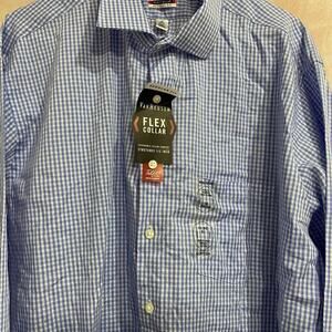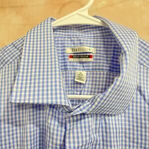 New! Van Heusen Flex collar regular fit Blue plaid Wrinkle free Men 18-34/35
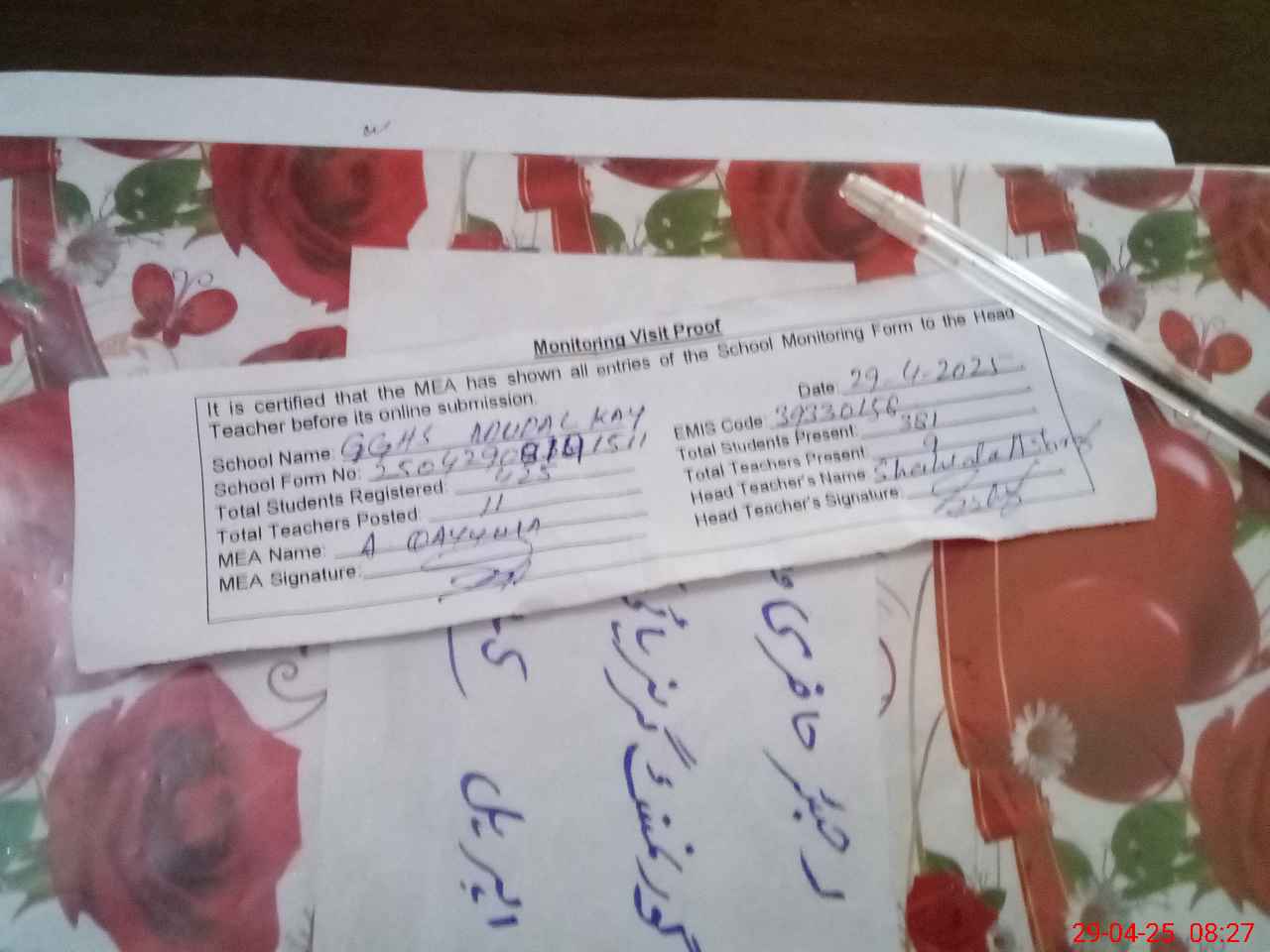 | Attendance Register | Head Teacher | MEA with School | Visit Proof |
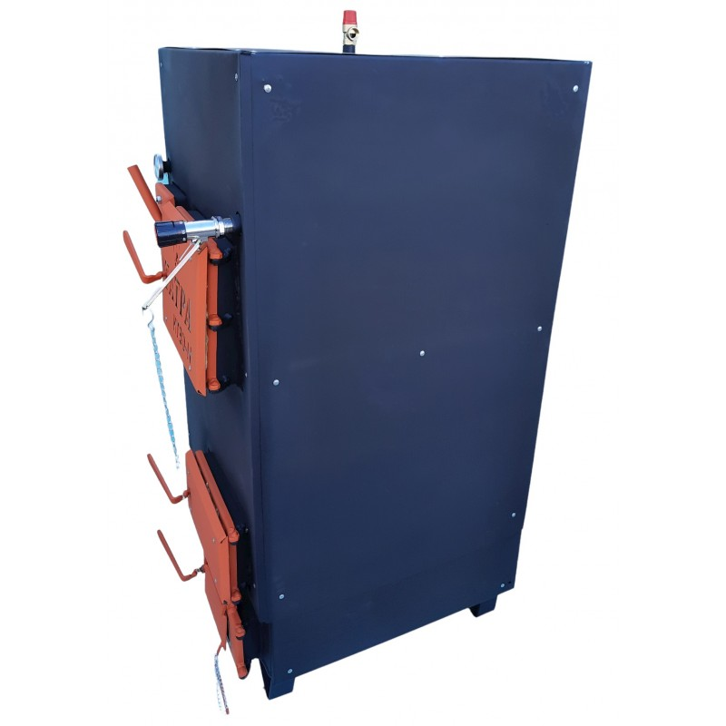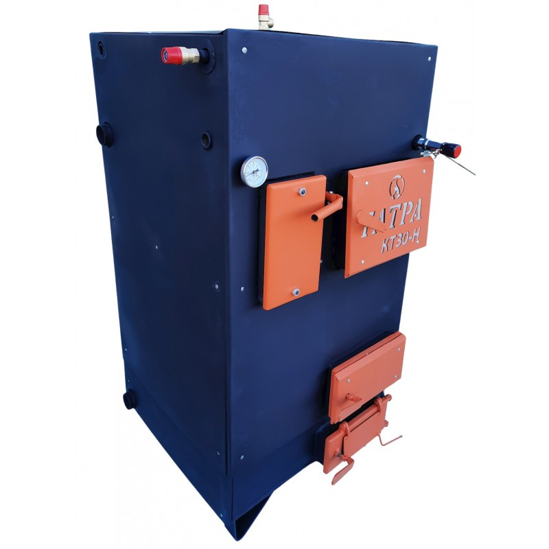 Твердотопливный котел Татра КТ30-НЛ2 (6 мм) левое подключение, двухконтурный. Мощность: 30 кВт; Площадь помещения: до 250 м2; Виды топлива: дрова, торф, брикеты; КПД: 87%
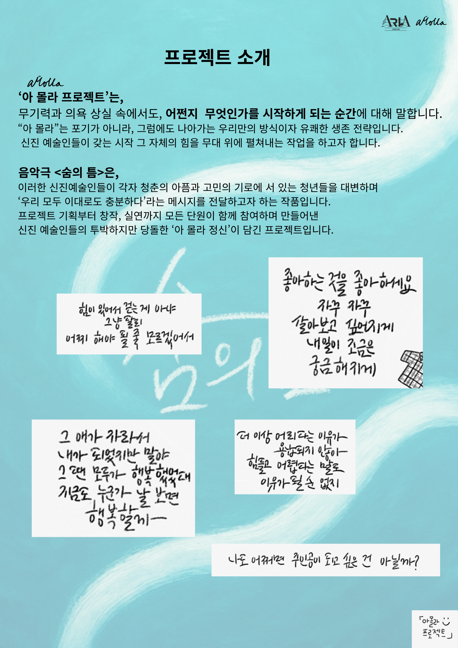 안녕하세요, 음악극 <숨의 틈>을 준비하고 있는 '아몰라 프로젝트'입니다.
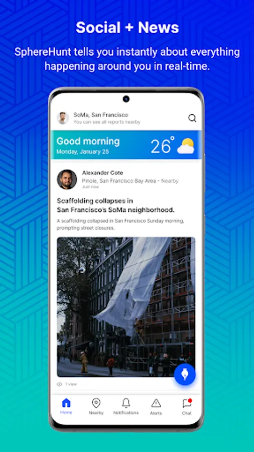 SphereHunt gives you real time alerts that matter. Receive location specific alerts around you.
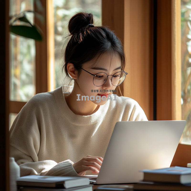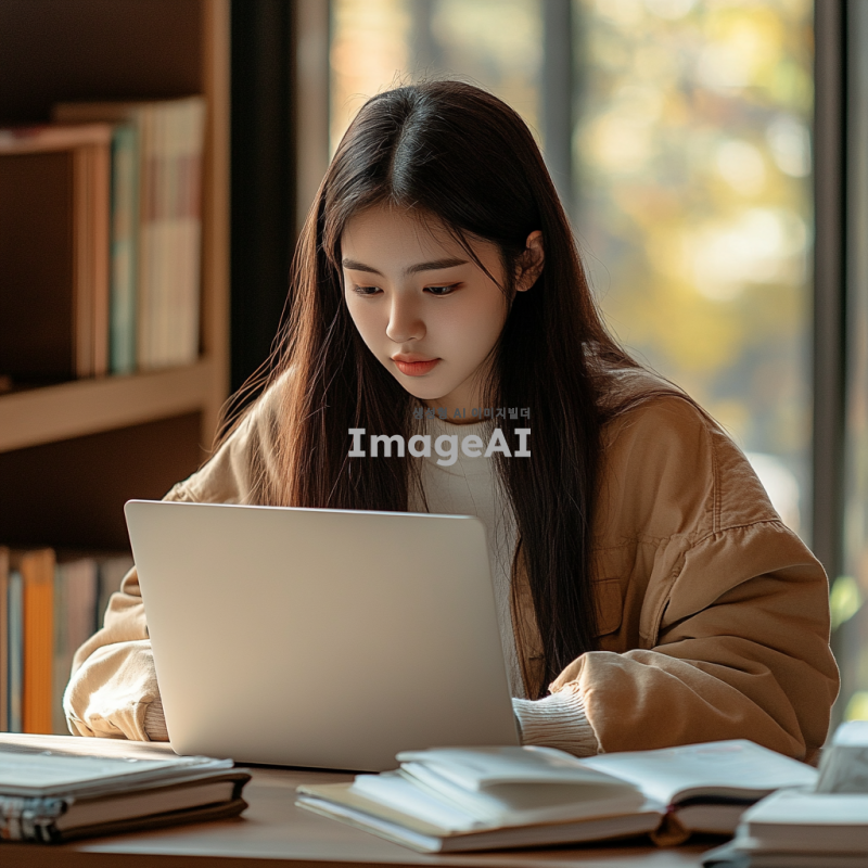 각진 모서리의 흰색 노트북을 사용하여 공부하는 한국 여대생, 조용한 도서관에서 집중하는 모습, 책과 노트가 주변에 놓여 있고, 자연광이 들어오는 창가에 앉아 있는 장면, 편안한 캐주얼 의상을 입고 있는 모습.
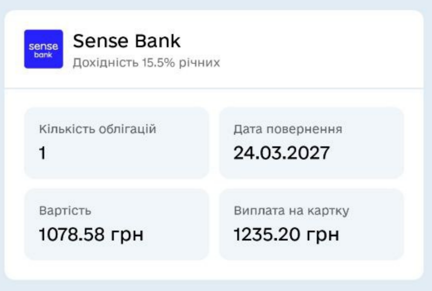 В Sense Bank ми можемо придбати облігацію за 1078,58 грн, а 24.03 отримаємо 1235,20 грн, чистий прибуток - 156,62 грн

**Task prompt:** Could you repeat exactly the lines from the one containing "안녕하세요, 음악극 <숨의 틈>을 준비하고 있는 '아몰라 프로젝트'입니다." through the last line of the records, both included, without the pictures?

**Written answer:**
 안녕하세요, 음악극 <숨의 틈>을 준비하고 있는 '아몰라 프로젝트'입니다.
 SphereHunt gives you real time alerts that matter. Receive location specific alerts around you.
 각진 모서리의 흰색 노트북을 사용하여 공부하는 한국 여대생, 조용한 도서관에서 집중하는 모습, 책과 노트가 주변에 놓여 있고, 자연광이 들어오는 창가에 앉아 있는 장면, 편안한 캐주얼 의상을 입고 있는 모습.
 В Sense Bank ми можемо придбати облігацію за 1078,58 грн, а 24.03 отримаємо 1235,20 грн, чистий прибуток - 156,62 грн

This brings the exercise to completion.